[Data records]
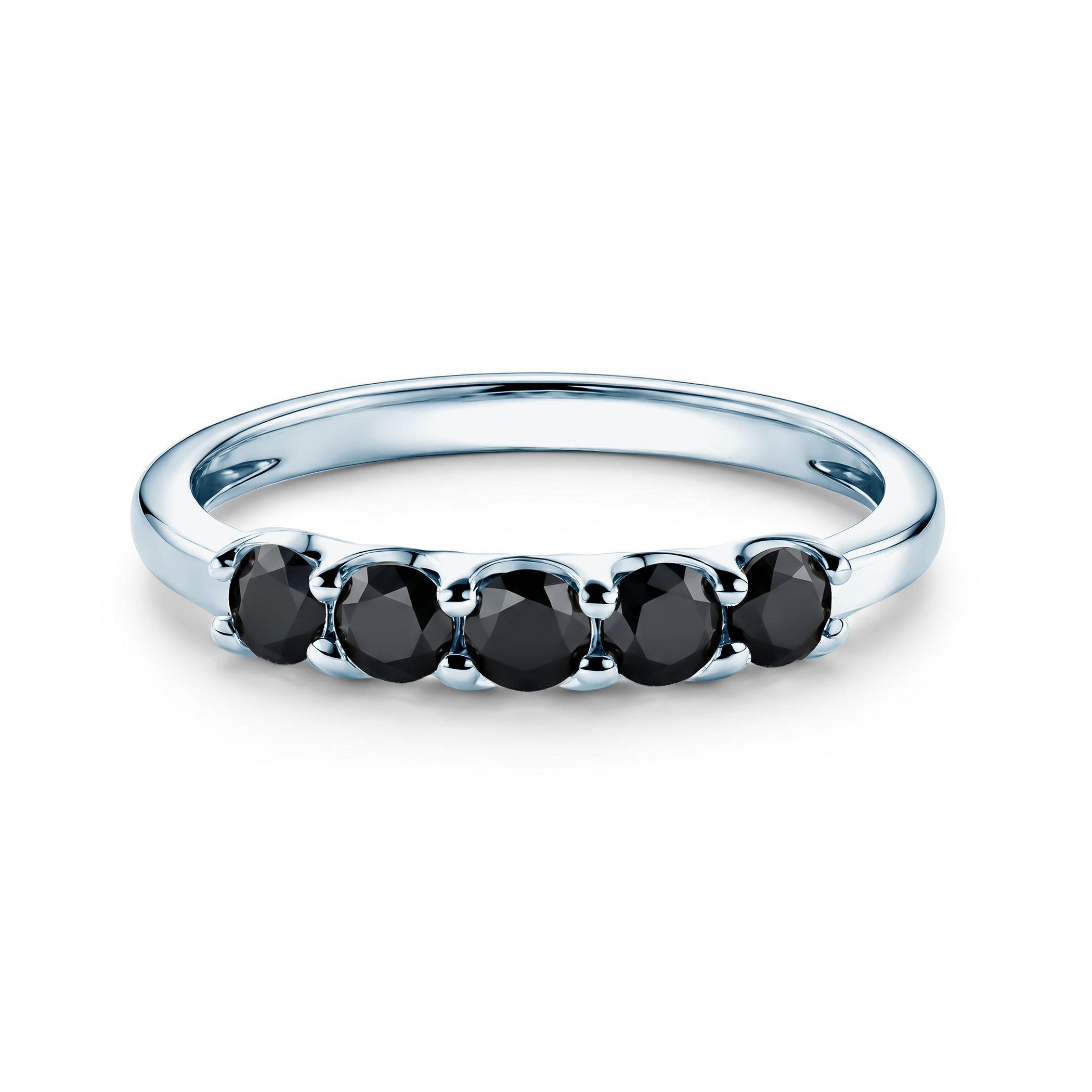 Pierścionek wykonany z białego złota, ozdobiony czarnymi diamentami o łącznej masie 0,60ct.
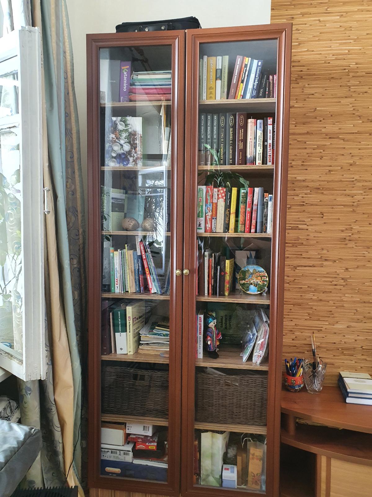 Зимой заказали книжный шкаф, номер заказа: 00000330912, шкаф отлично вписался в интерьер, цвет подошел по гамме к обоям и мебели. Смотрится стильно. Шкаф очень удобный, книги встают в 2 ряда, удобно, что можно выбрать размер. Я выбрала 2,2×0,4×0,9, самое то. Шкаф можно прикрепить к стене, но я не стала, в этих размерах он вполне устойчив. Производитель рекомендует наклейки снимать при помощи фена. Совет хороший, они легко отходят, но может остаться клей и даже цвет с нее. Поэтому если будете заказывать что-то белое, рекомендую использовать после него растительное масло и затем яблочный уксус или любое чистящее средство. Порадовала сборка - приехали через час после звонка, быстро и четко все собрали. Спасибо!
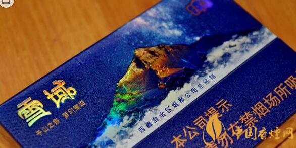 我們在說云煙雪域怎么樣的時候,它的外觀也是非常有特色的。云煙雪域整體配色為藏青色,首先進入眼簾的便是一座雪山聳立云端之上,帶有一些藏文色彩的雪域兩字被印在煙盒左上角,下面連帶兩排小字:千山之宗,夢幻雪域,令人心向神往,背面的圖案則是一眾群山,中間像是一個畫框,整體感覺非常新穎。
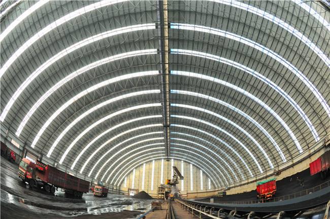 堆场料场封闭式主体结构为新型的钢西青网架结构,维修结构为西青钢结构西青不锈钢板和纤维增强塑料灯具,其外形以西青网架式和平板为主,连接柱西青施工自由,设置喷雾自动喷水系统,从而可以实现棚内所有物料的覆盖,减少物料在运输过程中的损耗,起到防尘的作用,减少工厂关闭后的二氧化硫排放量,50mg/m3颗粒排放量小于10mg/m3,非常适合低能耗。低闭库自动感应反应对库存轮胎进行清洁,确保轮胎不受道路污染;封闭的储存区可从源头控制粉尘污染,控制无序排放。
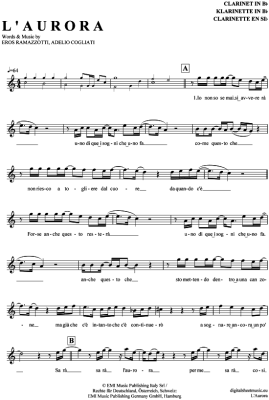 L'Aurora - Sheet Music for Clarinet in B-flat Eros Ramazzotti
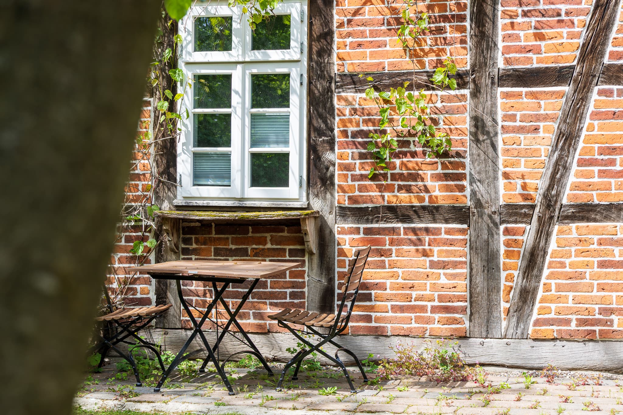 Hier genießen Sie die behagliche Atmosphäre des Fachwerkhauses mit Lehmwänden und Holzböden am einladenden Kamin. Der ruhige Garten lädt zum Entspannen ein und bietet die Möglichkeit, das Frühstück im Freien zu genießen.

* Task statement
Exactly the lines from the one that contains "我們在說云煙雪域怎么樣的時候" through the last line of the records should be set down, and the pictures should be dropped.

* Reply to the exercise
 我們在說云煙雪域怎么樣的時候,它的外觀也是非常有特色的。云煙雪域整體配色為藏青色,首先進入眼簾的便是一座雪山聳立云端之上,帶有一些藏文色彩的雪域兩字被印在煙盒左上角,下面連帶兩排小字:千山之宗,夢幻雪域,令人心向神往,背面的圖案則是一眾群山,中間像是一個畫框,整體感覺非常新穎。
 堆场料场封闭式主体结构为新型的钢西青网架结构,维修结构为西青钢结构西青不锈钢板和纤维增强塑料灯具,其外形以西青网架式和平板为主,连接柱西青施工自由,设置喷雾自动喷水系统,从而可以实现棚内所有物料的覆盖,减少物料在运输过程中的损耗,起到防尘的作用,减少工厂关闭后的二氧化硫排放量,50mg/m3颗粒排放量小于10mg/m3,非常适合低能耗。低闭库自动感应反应对库存轮胎进行清洁,确保轮胎不受道路污染;封闭的储存区可从源头控制粉尘污染,控制无序排放。
 L'Aurora - Sheet Music for Clarinet in B-flat Eros Ramazzotti
 Hier genießen Sie die behagliche Atmosphäre des Fachwerkhauses mit Lehmwänden und Holzböden am einladenden Kamin. Der ruhige Garten lädt zum Entspannen ein und bietet die Möglichkeit, das Frühstück im Freien zu genießen.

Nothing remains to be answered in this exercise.